Political survival: mutating the discourse, not the power

Published on May 25, 2026 | Translated from Spanish

The comparison with a bacterium is no coincidence. When the political environment becomes hostile, certain parties activate an adaptation mechanism: they change their language and promises to survive the crisis. However, their internal core, the structure that concentrates control and benefits, remains unchanged. It is biology applied to the management of power.

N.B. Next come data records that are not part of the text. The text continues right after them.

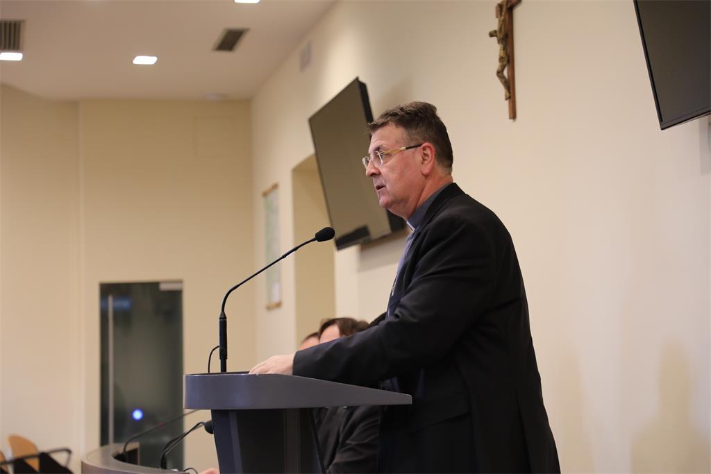 Nakon molitve preč. Lukić, koordinator TFS-a, pozdravio je Biskupa, Kancelara i preč. Vukovića te sve okupljene svećenike, najavivši program susreta.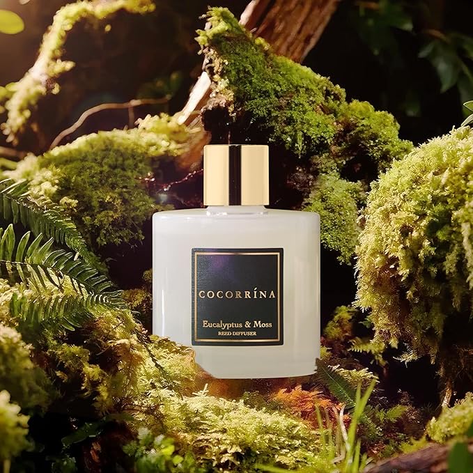 Cocorrína Reed Diffuser Sets- Eucalyptus & Moss Scented Diffuser with Sticks Home Fragrance Reed Diffuser for Bathroom Shelf Decor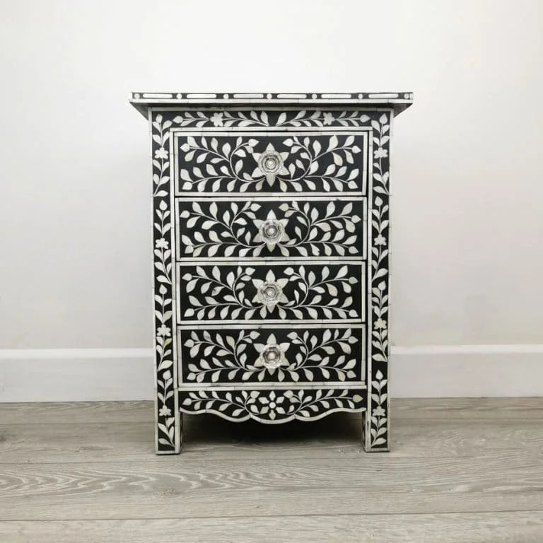 เก้าอี้คอนโซลฝังกระดูกศิลปะคูซั่ม ออตโตมันและโต๊ะปรับแต่งได้เพื่อตกแต่งสถานที่สวยงามของคุณจากอินเดีย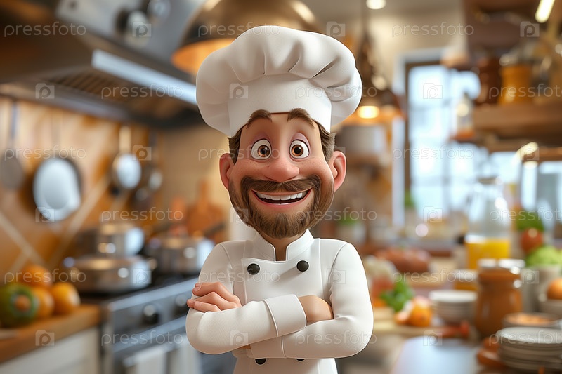 Мультяшный шеф-повар с забавным лицом на кухне. Концепция еды и кухни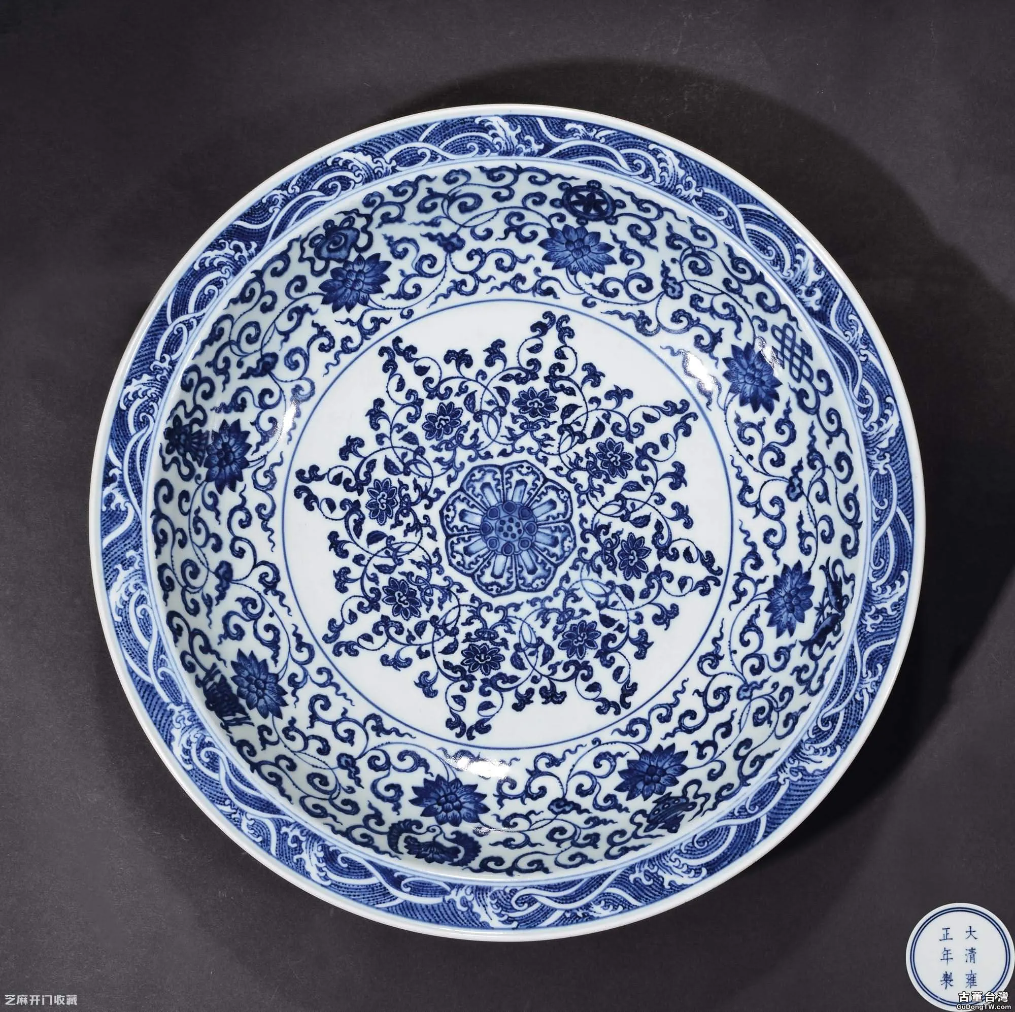 拍品胎骨堅致,釉質瑩潤,青花髮色鮮艷,點染畫法,具有鮮明的景德鎮御窯廠仿明早期青花瓷特點。口沿繪海水浪濤紋,盤心飾蓮心環飾纏枝蓮紋,此乃來源於永宣時期綬帶葫蘆式扁瓶上的紋樣,具有濃郁的伊斯蘭風格。外壁所繪六組折枝花果紋則是對永宣同類大盤的忠實摹仿,而內壁一周纏枝蓮托八寶紋卻是融匯了佛教經典的色彩,這就是雍正皇帝摹古思想的體現,在摹古中創造新意。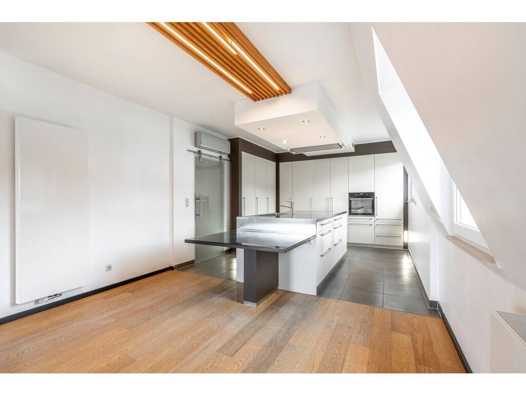 - L'immense séjour baigné de lumière constitue le cœur du duplex. Il s'ouvre sur une agréable terrasse d'environ 10 m² (± 3 x 3,5 m), idéale pour profiter des beaux jours.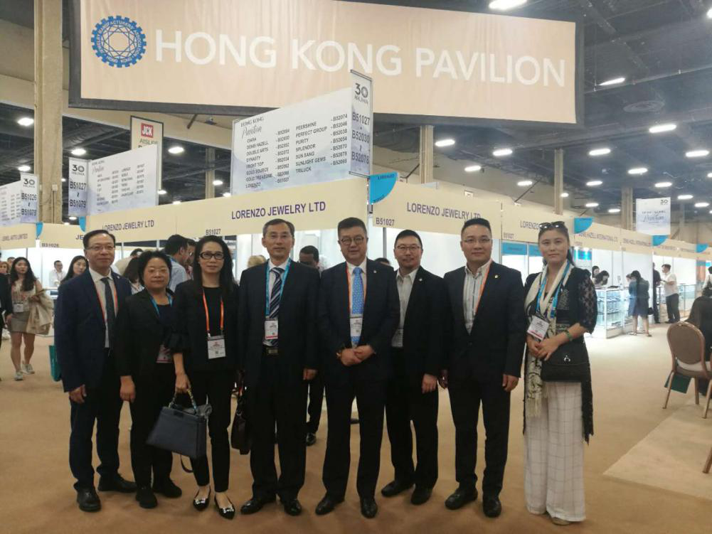 NGTC副主任張曉(左四)帶團(tuán)與香港珠寶制造業(yè)廠商會(JMA)杜源寧主席(右四)一行在JCK展香港展區(qū)合影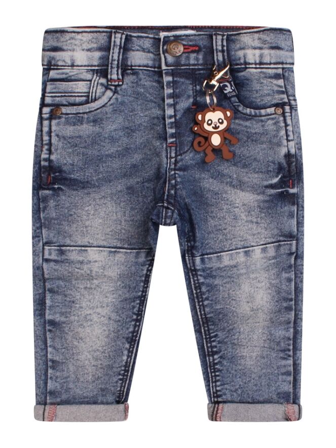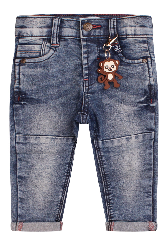 Mooie stretch jeans voor baby boys. Deze 5 pocket sluit met een haak sluiting en is verder vrij basic en neutraal. De lengte nog wat lang? Sla de broekspijp dan even om. Zo heb je een broekje op de groei want ook de taille is gewoon te verstellen. Met leuke aap sleutelhanger!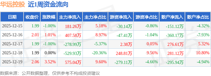 资金流向数据方面,本周华远控股主力资金合计净流入354.96万元,游资资金合计净流出105.47万元,散户资金合计净流出249.49万元。本周资金流向一览见下表: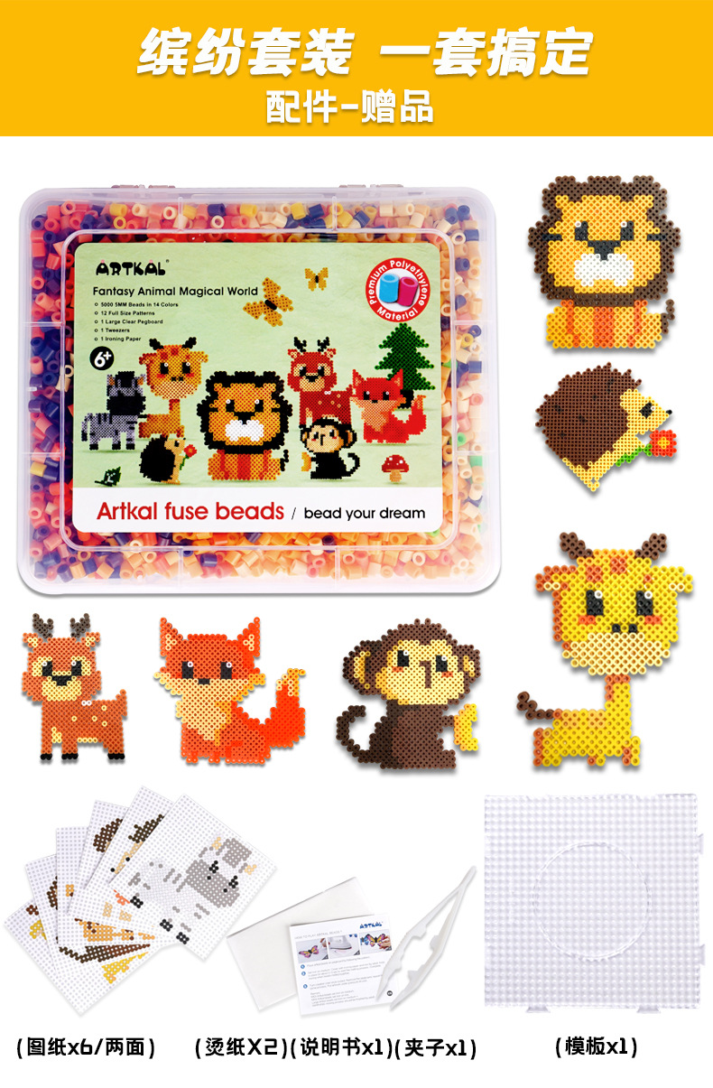 Artkal工場直供豆セット豆動物パズル積み木創意手作りdiy5mm新品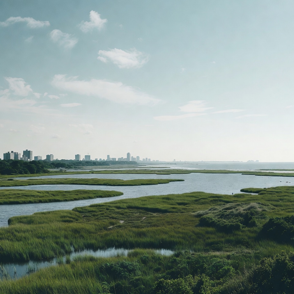 Vast green marshlands with winding waterways stretch towards a hazy city skyline of tall buildings. Scattered bushes and grasses fill the foreground under a partly cloudy sky. The serene landscape captures a coastal wetland scene at dusk.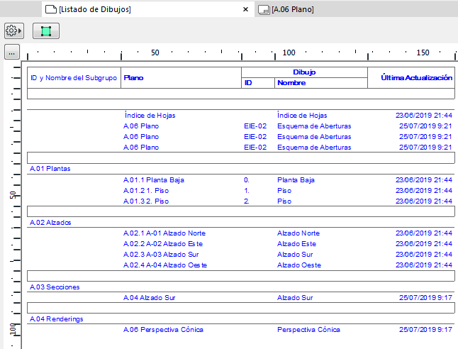Por ejemplo, si publica planos de Alzado, así como su Hoja Índice, el plano de Hoja Índice publicado se verá así: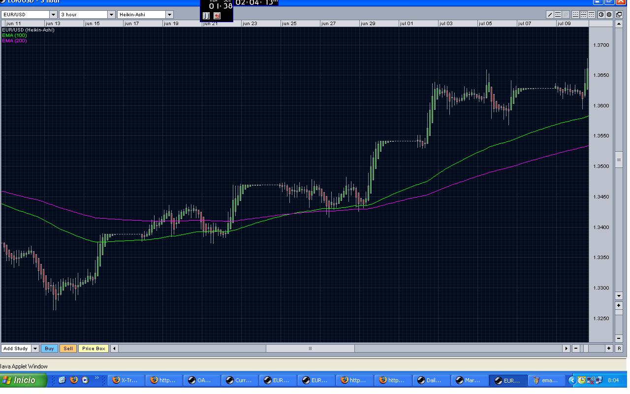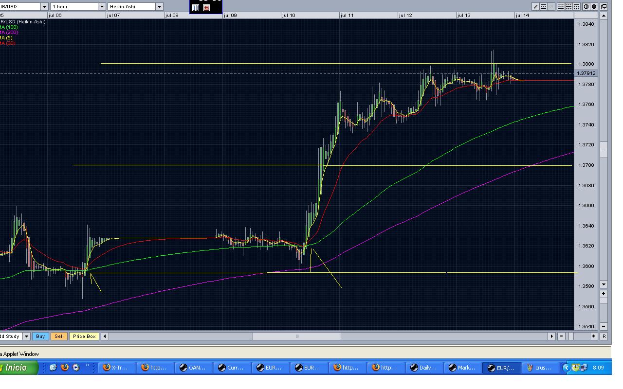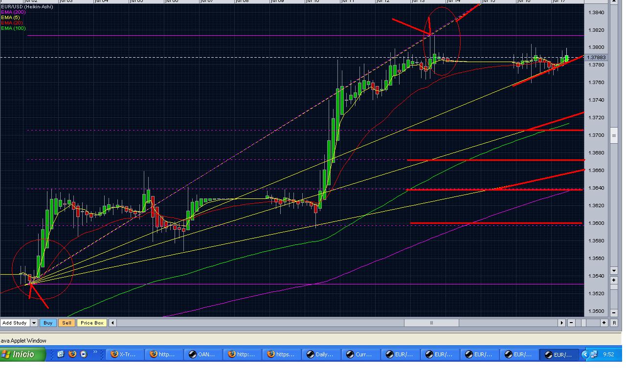 Utilizo Ema 5 y 20 para las señales.. Pero lo hago UNICAMENTE CON LA TENDENCIA

bacterial colony morphing into a political party structure, membrane-like outer layer shedding old slogans while rigid internal power nucleus remains unchanged, core of golden gears and control panels surrounded by shifting translucent text fragments, technical illustration style, biopolitical visualization, glowing blue data streams flowing between mutated exterior and static interior, metallic connections pulsing with energy, cinematic dark background with amber highlights, hyperdetailed molecular-mechanical hybrid texture

The DNA of power: centralized control algorithm 🧬

From a systems engineering perspective, this behavior resembles monolithic software. The source code (the DNA of power) is a black box that does not allow revisions. Faced with a crisis of confidence, the party launches a superficial patch: it changes the user interface (the public discourse) to deceive the operating system (the electorate). But the administrator privileges and resource access permissions remain intact at the core. There is no real refactoring, only cosmetics.

Chameleon mode: change color, not stomach 🦎

The politician promises democratic regeneration while their inner circle continues to divvy up the budget spoils. It is like an antivirus that announces it will eliminate all threats, but turns out to be the trojan itself. The population watches the masquerade and, instead of a change of course, receives the same recipe with new packaging. The bacterium smiles, divides, and keeps collecting.